5.10 Systems of Linear Inequalities in Two Variables

1. Is the ordered pair $\left(-2,4\right)$ a solution?

   We substitute $\mathit{x}\mathbf{=}\mathbf{-}\mathbf{2}$ and $\mathit{y}\mathbf{=}\mathbf{4}$ into both inequalities.

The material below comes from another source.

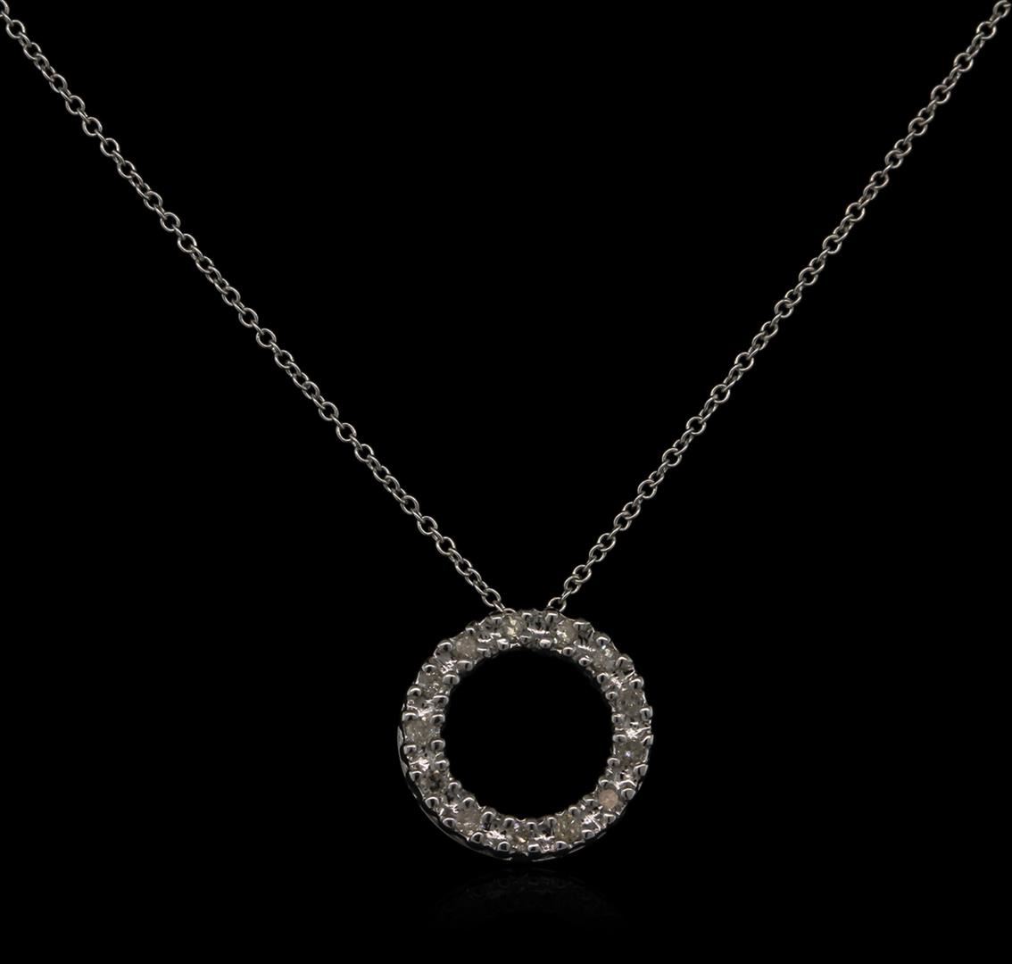 One circle pendant with chain featuring: 10KT white gold weighing 1.75 grams containing prong set round diamonds with a total weight of 0.10ct.

   $$\begin{array}{ccc}\hfill \mathit{x}+4\mathit{y}& \hfill \ge \hfill & 10\hfill \\ \hfill -2+4(4)& \hfill \stackrel{?}{\ge }\hfill & 10\hfill \\ \hfill 14& \hfill \ge \hfill & 10\text{true}\hfill \end{array}\begin{array}{ccc}\hfill 3\mathit{x}-2\mathit{y}& \hfill <\hfill & 12\hfill \\ \hfill 3(-2)-2(4)& \hfill \stackrel{?}{<}\hfill & 12\hfill \\ \hfill -14& \hfill <\hfill & 12\text{true}\end{array}$$

   The ordered pair $\left(-2,4\right)$ made both inequalities true. Therefore $\left(-2,4\right)$ is a solution to this system.

2. Is the ordered pair $\left(3,1\right)$ a solution?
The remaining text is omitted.